● **ASSIGNED TASK**:
From the material below, reproduce exactly the stretch of lines that begins with the line holding "2021年以来,随着转债投资" and ends with the line holding "导航痕迹 首页 > 新闻通知", skipping the pictures.

● **INFORMATION SUPPLIED**:
····················

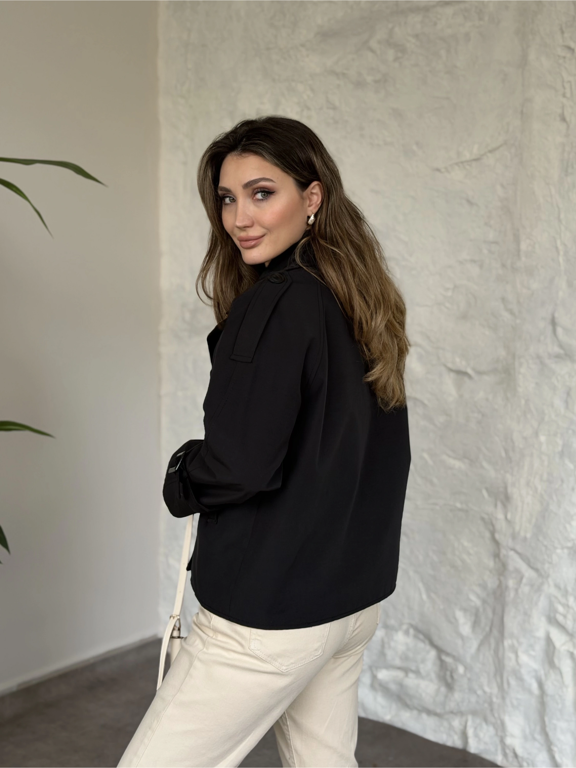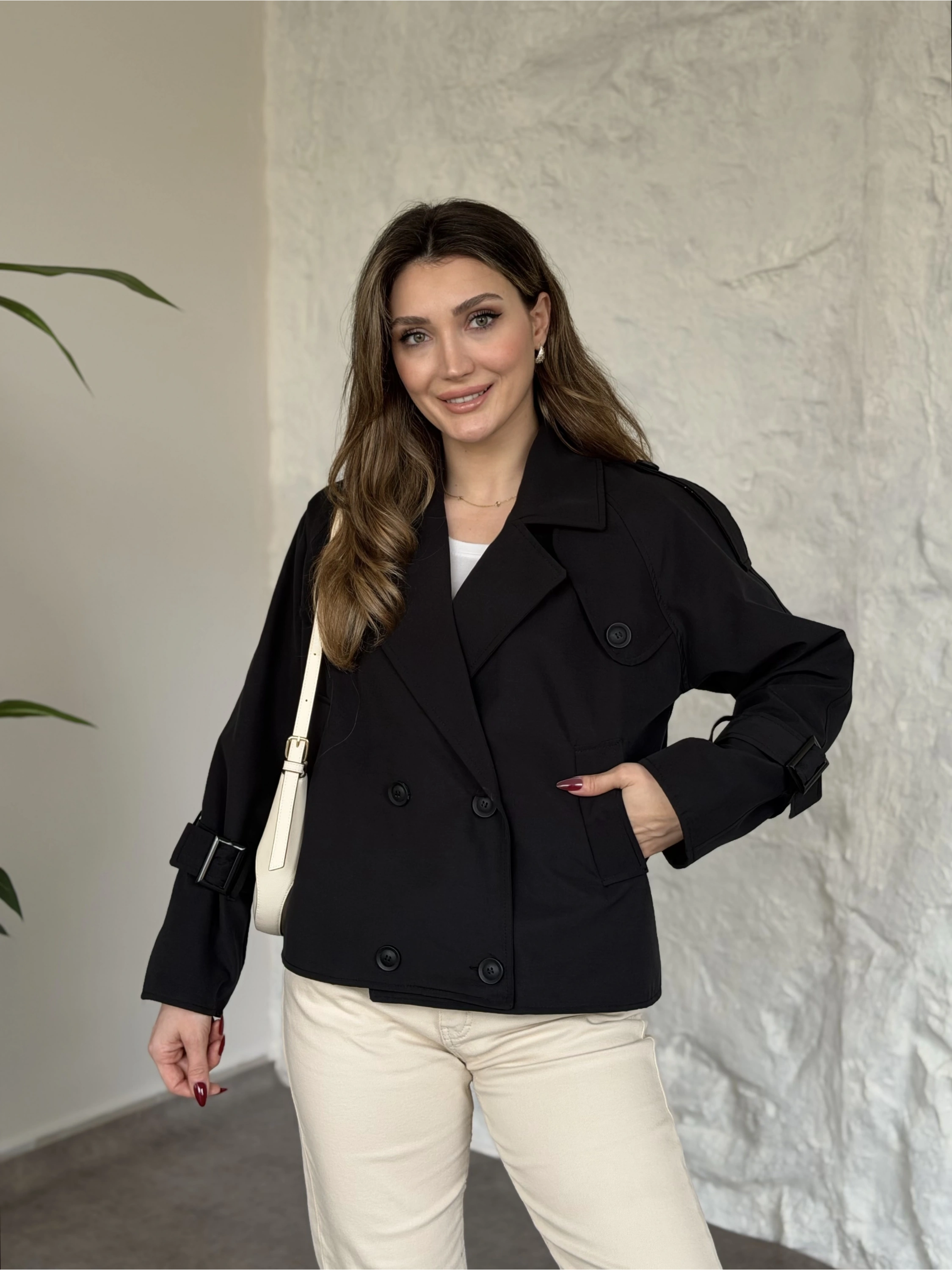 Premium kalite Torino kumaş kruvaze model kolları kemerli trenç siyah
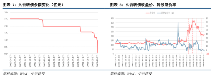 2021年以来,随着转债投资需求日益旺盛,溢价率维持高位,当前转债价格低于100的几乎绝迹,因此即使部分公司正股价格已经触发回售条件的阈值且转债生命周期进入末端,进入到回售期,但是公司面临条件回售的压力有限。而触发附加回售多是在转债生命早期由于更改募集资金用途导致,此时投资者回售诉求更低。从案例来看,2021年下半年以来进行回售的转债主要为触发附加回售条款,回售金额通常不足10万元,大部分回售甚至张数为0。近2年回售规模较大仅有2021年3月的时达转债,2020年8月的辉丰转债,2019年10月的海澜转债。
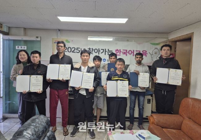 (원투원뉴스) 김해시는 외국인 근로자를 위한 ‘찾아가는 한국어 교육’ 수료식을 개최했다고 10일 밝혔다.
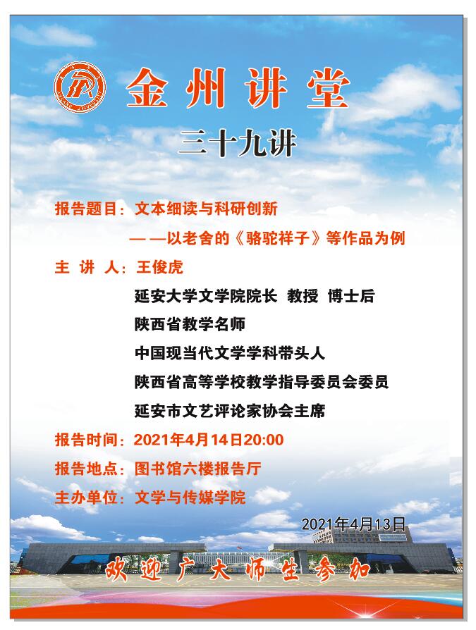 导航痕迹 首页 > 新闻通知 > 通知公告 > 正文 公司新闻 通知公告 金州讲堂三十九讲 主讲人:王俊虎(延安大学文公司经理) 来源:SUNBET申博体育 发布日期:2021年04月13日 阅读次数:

····················

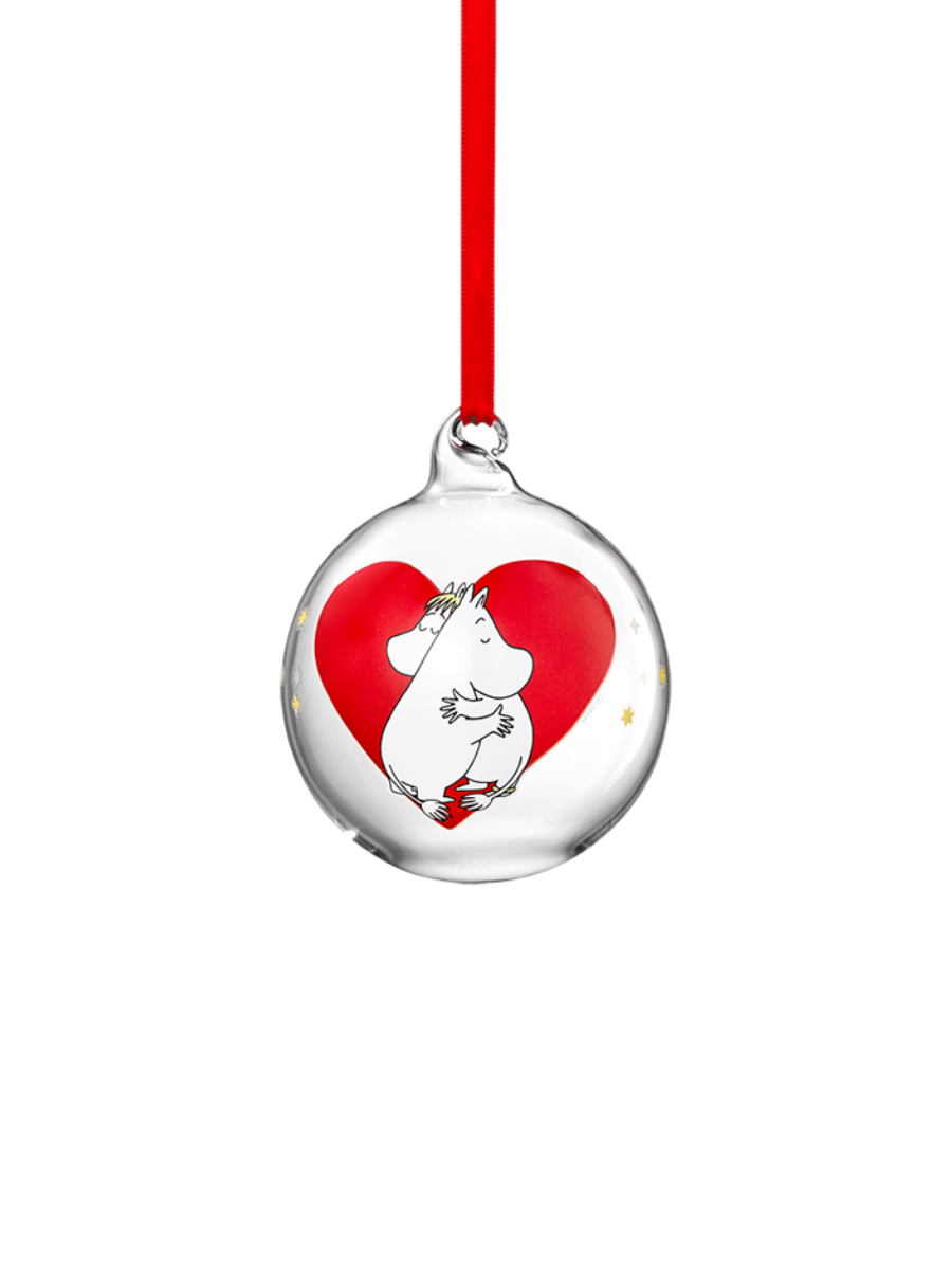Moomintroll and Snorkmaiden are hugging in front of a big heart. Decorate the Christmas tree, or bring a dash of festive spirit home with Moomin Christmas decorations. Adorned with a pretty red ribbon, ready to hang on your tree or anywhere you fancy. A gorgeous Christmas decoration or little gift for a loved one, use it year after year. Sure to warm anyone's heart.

····················

● **RESULT FOR THIS EXERCISE**:
 2021年以来,随着转债投资需求日益旺盛,溢价率维持高位,当前转债价格低于100的几乎绝迹,因此即使部分公司正股价格已经触发回售条件的阈值且转债生命周期进入末端,进入到回售期,但是公司面临条件回售的压力有限。而触发附加回售多是在转债生命早期由于更改募集资金用途导致,此时投资者回售诉求更低。从案例来看,2021年下半年以来进行回售的转债主要为触发附加回售条款,回售金额通常不足10万元,大部分回售甚至张数为0。近2年回售规模较大仅有2021年3月的时达转债,2020年8月的辉丰转债,2019年10月的海澜转债。
 (원투원뉴스) 김해시는 외국인 근로자를 위한 ‘찾아가는 한국어 교육’ 수료식을 개최했다고 10일 밝혔다.
 导航痕迹 首页 > 新闻通知 > 通知公告 > 正文 公司新闻 通知公告 金州讲堂三十九讲 主讲人:王俊虎(延安大学文公司经理) 来源:SUNBET申博体育 发布日期:2021年04月13日 阅读次数:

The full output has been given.